Your instructions: What should be copied is the stretch of entries below from the line with "ขายที่ดินติดถน" up to and including the line with "Под открытым небом", exactly and without images.
-------- Data for this task --------
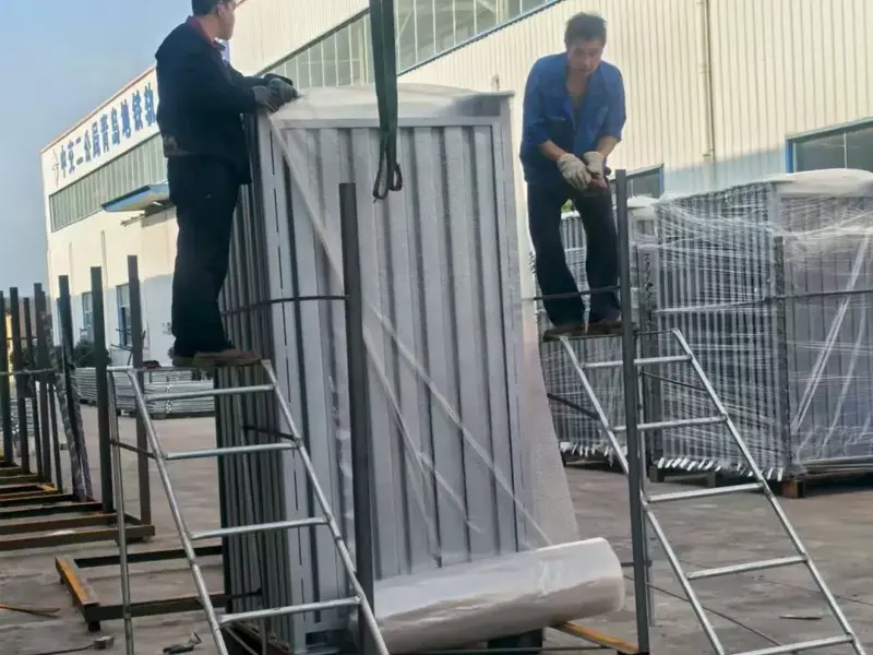 Os tamanhos comuns para cercas de segurança metálicas Liweiyuan incluem: 2 metros de comprimento por 1,5 metros de altura; 2,5 metros de comprimento por 2 metros de altura; e 3 metros de comprimento por 2,5 metros de altura. Tamanhos personalizados estão disponíveis. Os materiais de aço incluem Q235B, Q355B, A36 e A572, atendendo aos padrões europeus e americanos.
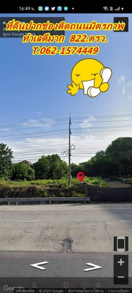 ขายที่ดินติดถนนมิตรภาพทำเลดีโคตรทำการค้าได้ T.062-1574449
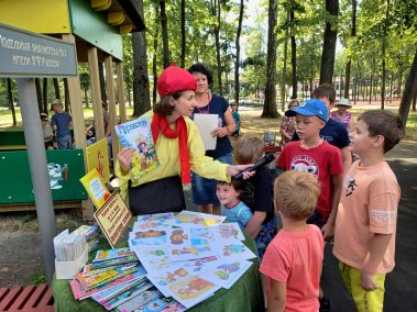 Под открытым небом все желающие смогли записаться в библиотеку, поучаствовать в мастер-классах, конкурсах, викторинах, поиграть в активные игры.
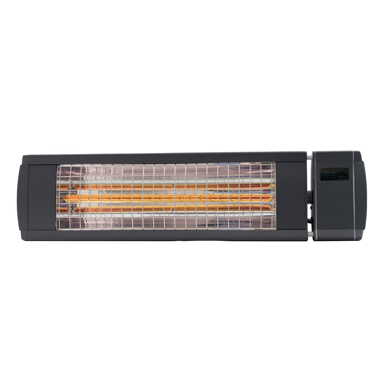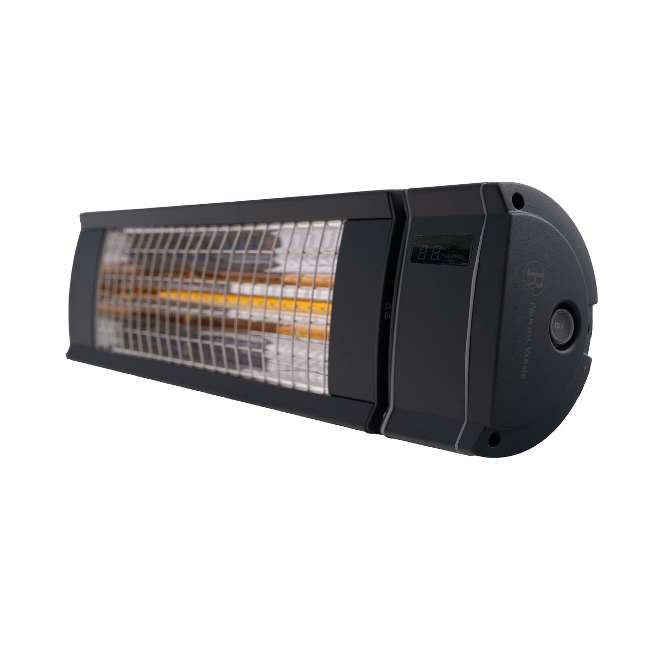 Terrassevarmeren har et LED-display som viser effektnivå og timer, og auto-shut off-funksjonen gjør at den skrur seg av etter åtte timer. Den er laget i formstøpt aluminium, og gitteret i front er svært rustbestandig, noe som gjør at den egner seg til å monteres i sjønære strøk.
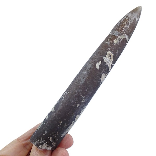 Si pudiésemos contemplar hoy a un belemnite vivo, nos recordaría a un calamar actual. El esqueleto estaba incluido en el cuerpo blando del animal (el manto) de manera que el rostro estaba en un extremo y ocupaba aproximadamente un tercio de su longitud. Servía de contrapeso de los órganos, cabeza y brazos de manera que el animal podía adoptar la posición horizontal sin esfuerzo.
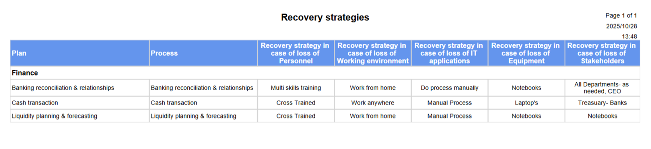 The Action plans that were created from the BC/DR are displayed. The activities associated with the Action plans can be viewed in the Action plan lines.
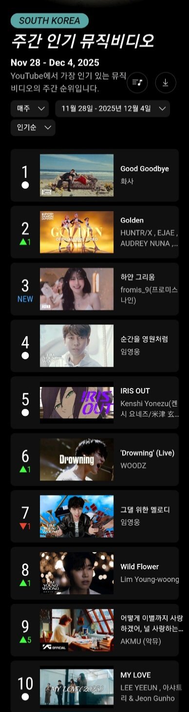 10월 30일 공개된 ‘들꽃이 될게요’ 역시 유튜브 인기 순위권에 재진입하며 존재감을 드러냈다. 뮤직비디오에서 임영웅은 섬세한 표정 연기로 특유의 짙은 감성을 전했고, 영상은 꾸준한 조회수 상승세를 이어갔다.
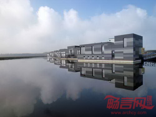 项目名为“漂浮在Lelystad”,包含八座水上漂浮住宅。业主童年都在水面上度过,他们一直梦想拥有漂浮住宅。这些业主组成了一个集体,委托Attika建筑事务所设计八座各不相同、和谐皮排的住宅。所在城市Lelystad海拔低于海平面4.8米,项目场地位于河沟边。设计师根据业主同的要求和期盼,赋予住宅不同的尺寸、颜色和形状。
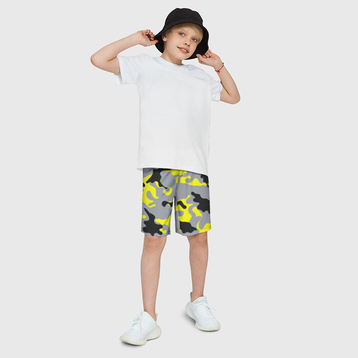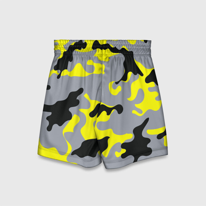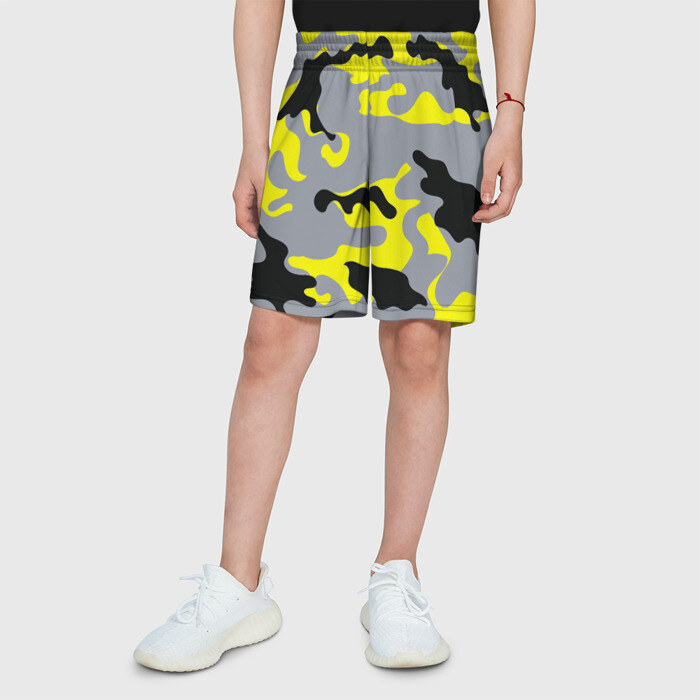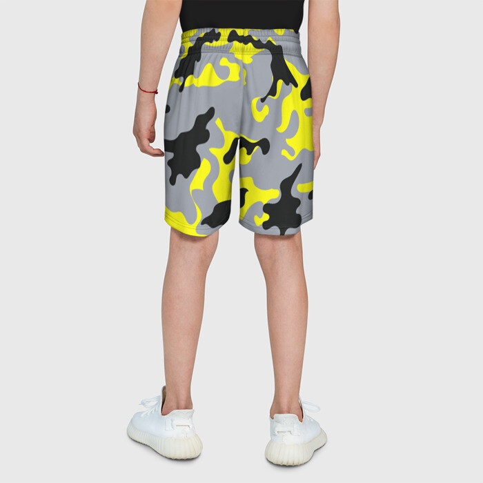 Детские спортивные шорты 3D с принтом Yellow camouflage
--------
Answer space:
 ขายที่ดินติดถนนมิตรภาพทำเลดีโคตรทำการค้าได้ T.062-1574449
 Под открытым небом все желающие смогли записаться в библиотеку, поучаствовать в мастер-классах, конкурсах, викторинах, поиграть в активные игры.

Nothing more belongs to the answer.